Translation for Japan Focus by Ben Middleton, Associate Professor of Sociology, Ferris University, Yokohama. His article on the work of the Heiminsha to realize a type of globalization-from-below, recently appeared in Umemori Naoyuki (ed.) “Teikoku wo ute: Heiminsha 100-nen kokusai shinpojium,” Tokyo: Ronsosha, 2005. (The Heiminsha group put up the only sustained opposition to the Russo-Japanese War of 1904-05.) He is presently researching 20th century Japanese sociology, especially the work of Takata Yasuma.
Notes
[1] Oda Makoto`s essay, `Is this a Human Country?` (Kore wa `ningen no kuni` ka) appeared in the evening edition of the Asahi Shimbun newspaper on year after the earthquake, on 17 January 1996. He subsequently expanded it into a book of the same title that was published by Chikuma Shobo in 1998.

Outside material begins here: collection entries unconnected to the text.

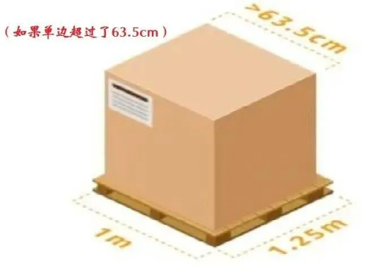 如果外箱任意一邊的尺寸超過了63.5cm,那就要把包裝箱放置在1mx1.25m的托盤上,以方便亞馬遜FBA倉庫工作人員使用機械進行搬運操作。
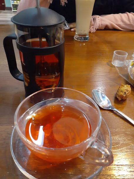 Setelah sekitar satu jam bersepeda, kami kembali berjalan kaki dan menikmati suasana. Lalu mampir di salah satu kafe di kota Lama Semarang, dalam Galeri Kreatif. Aku memesan wedang uwuh, anak lanang capuccino dan anak perempuanku memesan juice.
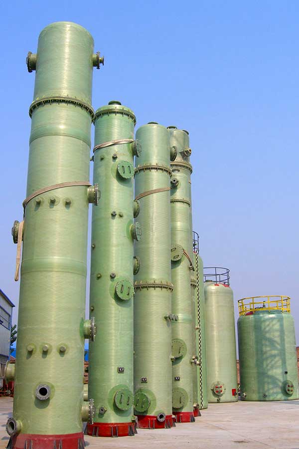 玻璃鋼塔器的應(yīng)用:吸收塔、水洗塔、洗滌塔、尾氣塔、組合塔等。
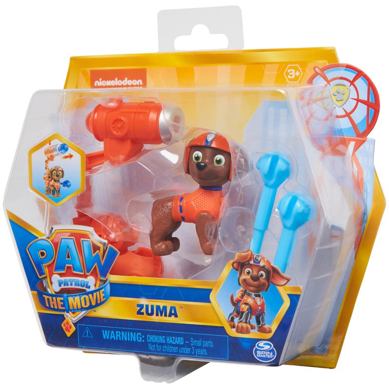 - COLLECTIBLE ZUMA ACTION FIGURE: Zuma features realistic movie details, fur detailing and wears his classic uniform. Once the backpack has been clipped on, Zuma is rescue-ready in his all-new movie uniform
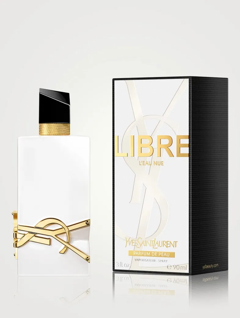 Experience LIBRE L’Eau Nue – Parfum de Peau, the first alcohol-free fragrance by Yves Saint Laurent. This fragrance for her combines orange blossom, green mandarin, and bergamot for a radiant citrus floral scent. Encased in a ceramic white couture bottle with a shiny white finish, sparkling gold cassandre, and slanted black cap.
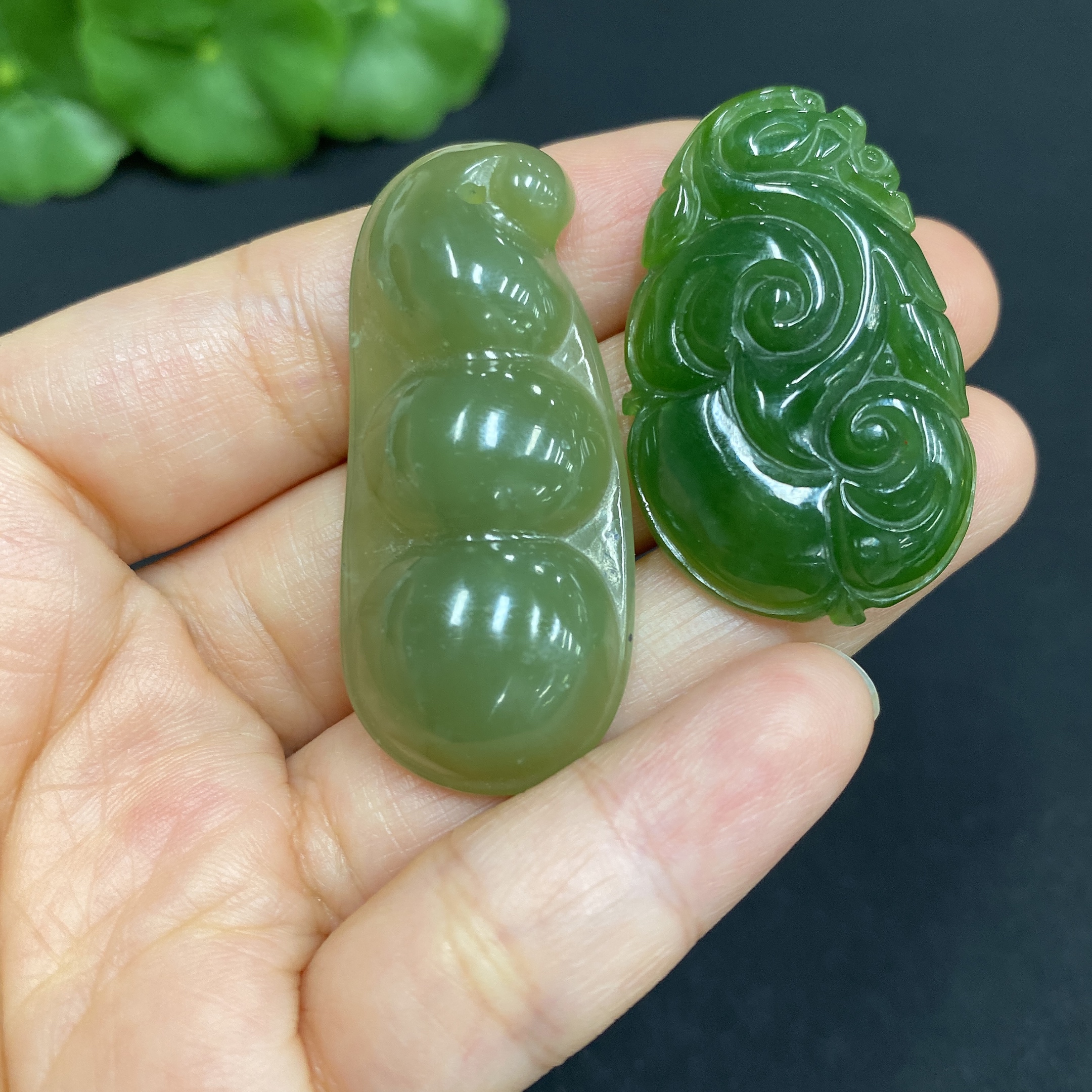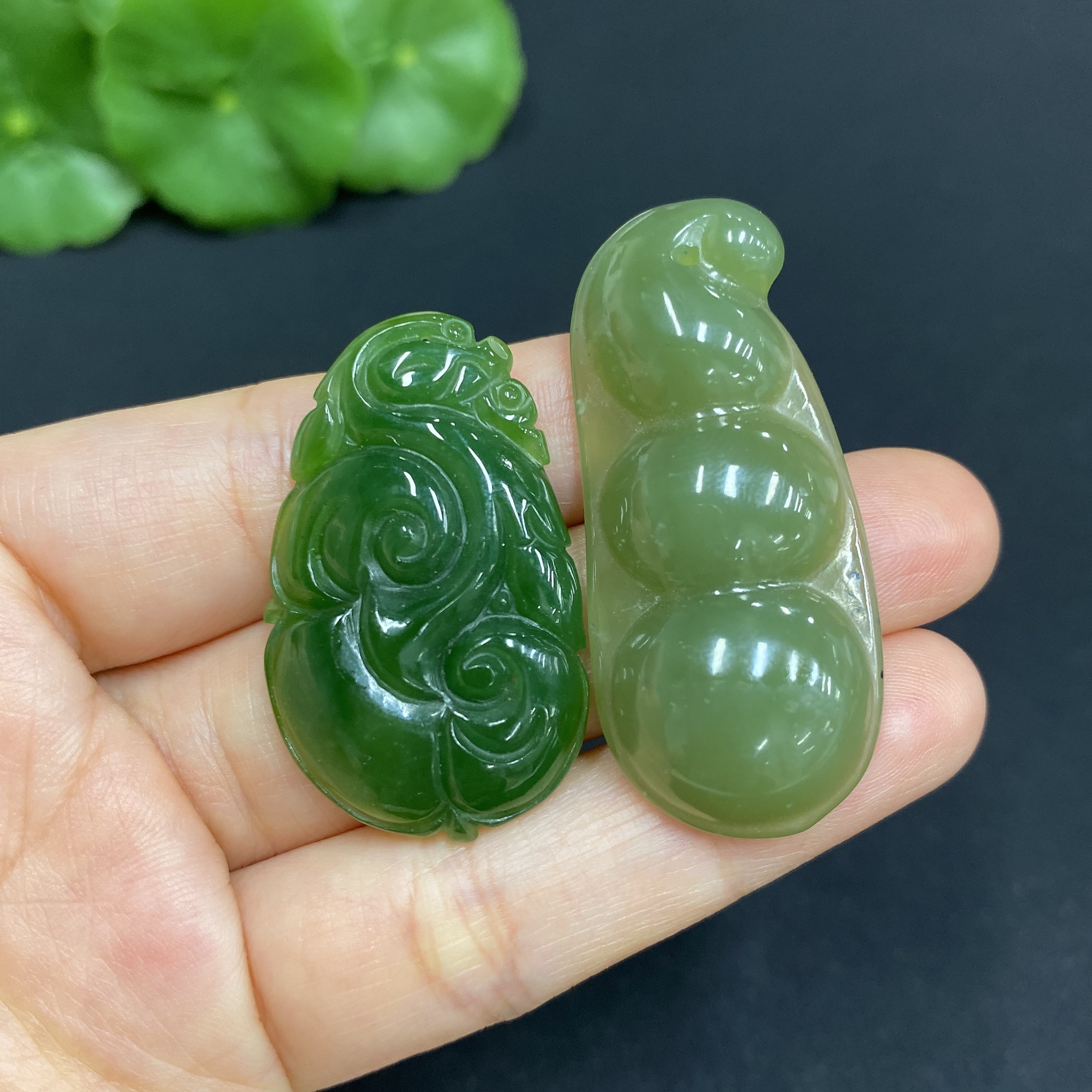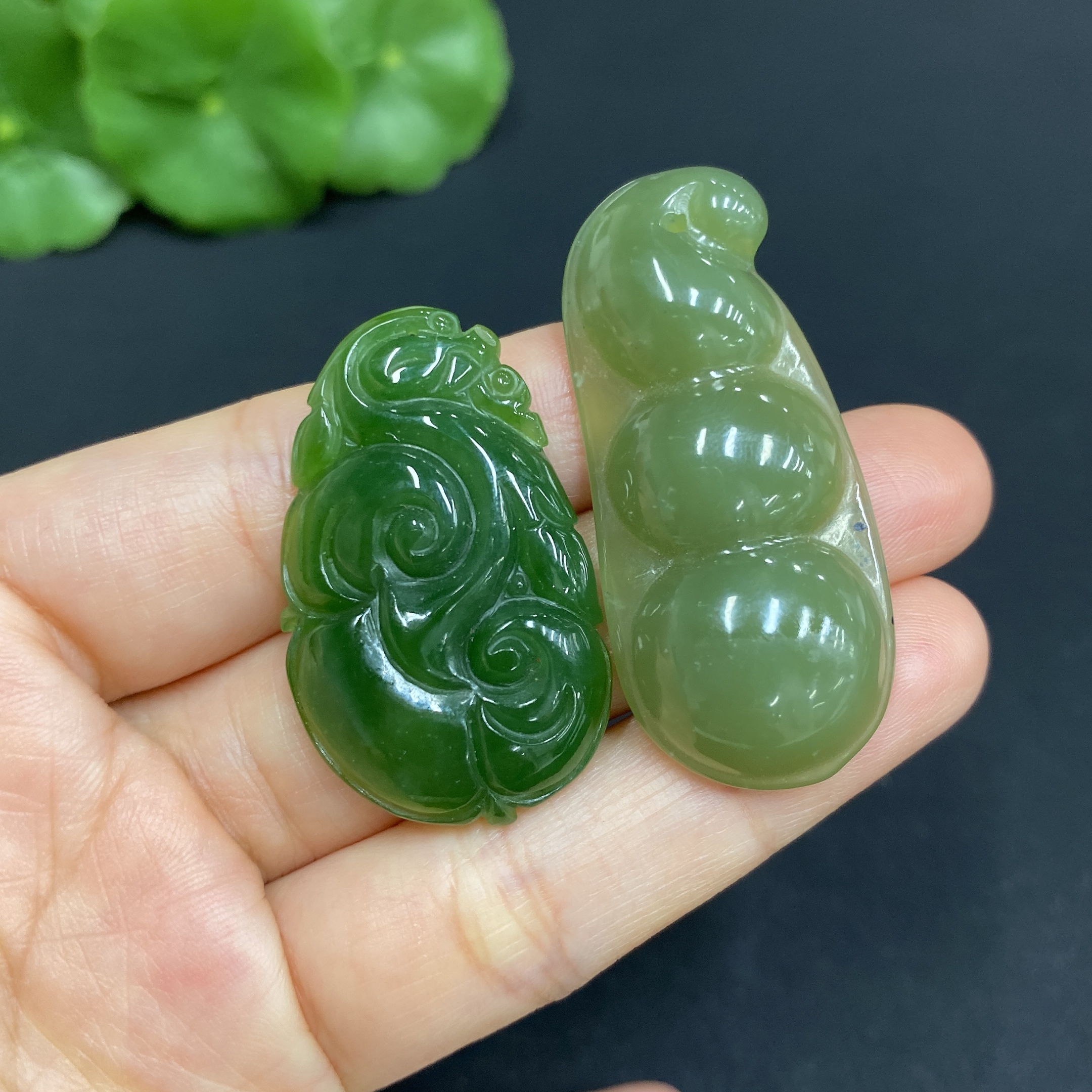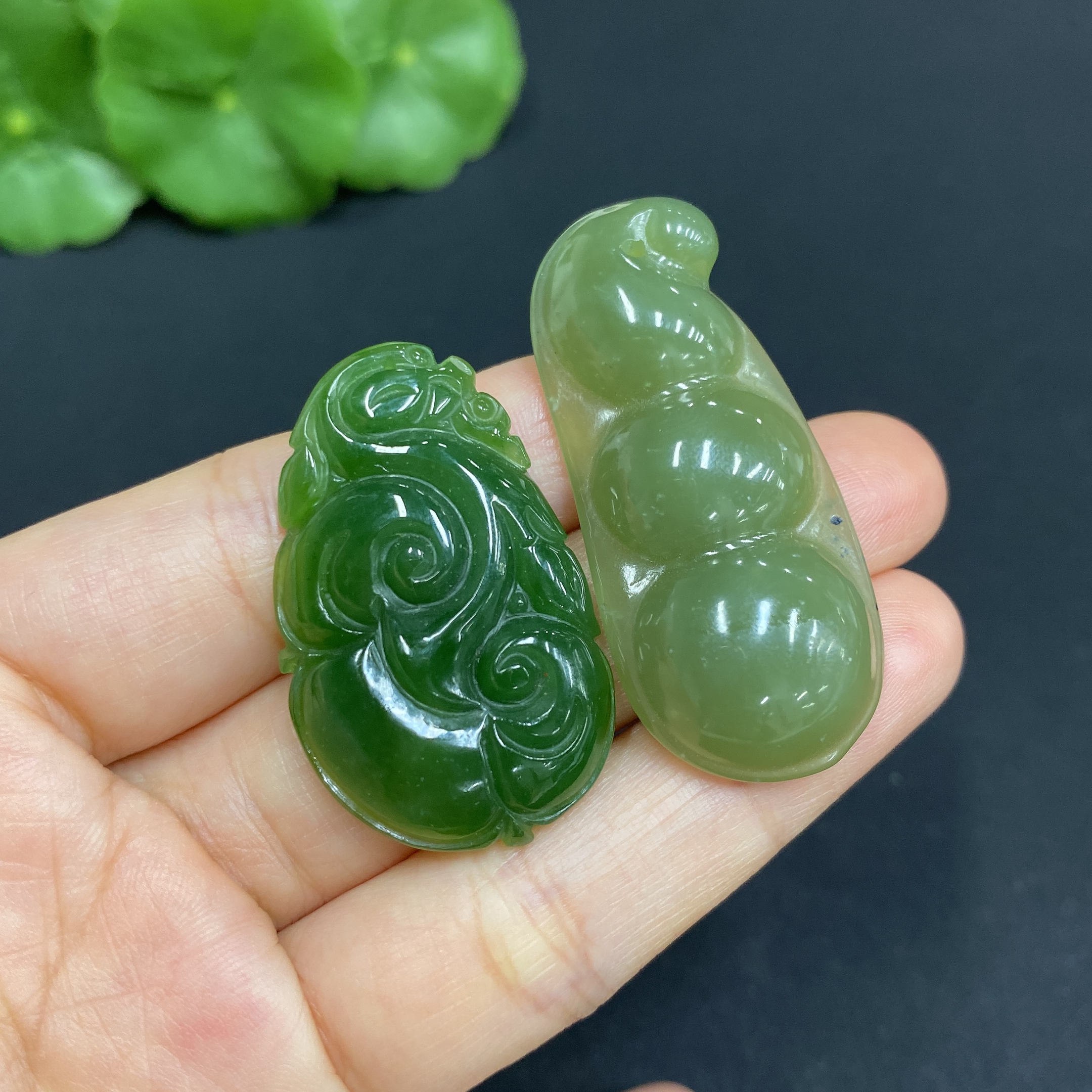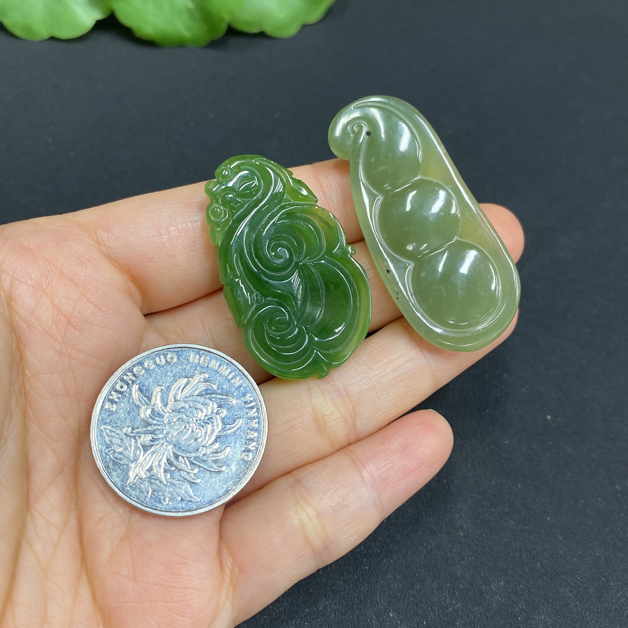Hetian Jade Pendant Ruyi + Lucky Bean Total Weight: Approx. 15.5g
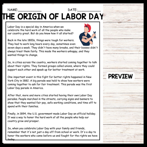 - "THE ORIGIN OF LABOR DAY" LABOR Day Reading Comprehension
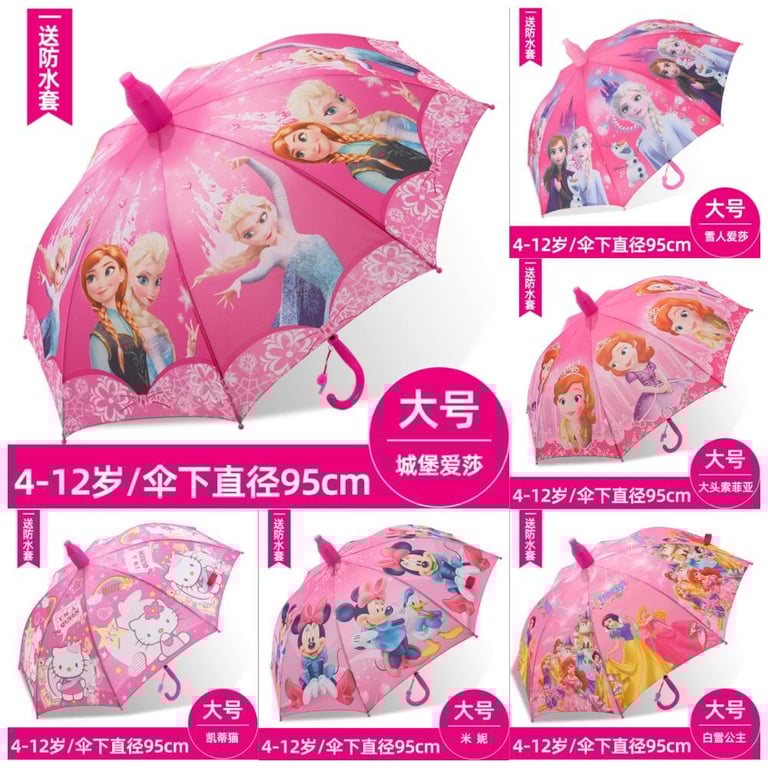 WholeComfort Cute Cartoon Children's Automatic Umbrella Long Handle 3D Children's Umbrella Sunshade Kindergarten Pupils

[2] The USS Kitty Hawk has been based at Yokosuka, Japan, since August 1998 as America`s only permanently forward-deployed aircraft carrier.
[3] The Gini coefficient is an index of economic inequality; a society in which income is perfectly equally distributed registers as 0, while a perfectly unequal society registers as 1, so that the coefficient increases and approaches 1 as inequality increases.
[4] Uchihashi simply refers to Keidanren, but it is now part of a new organization, the Nippon Keidanren (Japan Business Federation), formed from the amalgamation of Keidanren (Japan Federation of Economic Organizations) and Nikkeiren (Japan Federation of Employers’ Associations) in May 2002.
[5] Kami wa saibu ni yadoritamau (God resides in the details), San’ichi shobo, 1977.
[6] The Three Principles prohibit Japan from exporting arms to the following countries or regions: (1) communist bloc countries; (2) countries subject to arms export embargo under United Nations Security Council resolutions; and (3) countries involved in or likely to be involved in international conflicts. The Principles were submitted to the Diet by the Sato Eisaku cabinet in 1967, and have remained the basic policy concerning Japan’s weapons exports, although they were revised somewhat by the Miki and Nakasone administrations. More recently in February 2004, Keidanren moved to loosen the provisions to facilitate the further development of Japan’s weapons industry. These moves have been largely accepted by the Koizumi cabinet, which for example moved in December 2004 to permit Japanese collaboration in the US Missile Defense (MD) program as an `exception` to the Three Principles. See a summary of the Japanese Ministry of Foreign Affairs official policy on the principles. For a recent assessment of Japan’s arms trade see Robin Ballantyne, Japan’s Hidden Arms Trade.
[7] `Ningen fukko` no keizaigaku wo mezashite (Aiming for an Economics of `Human Revival`), Asahi Shimbunsha, 2004
[8] Keizai no kyofu (L’horreur economique) (The Economics of Fear). Japanese trans.: Maruyama gakugei tosho, 1998.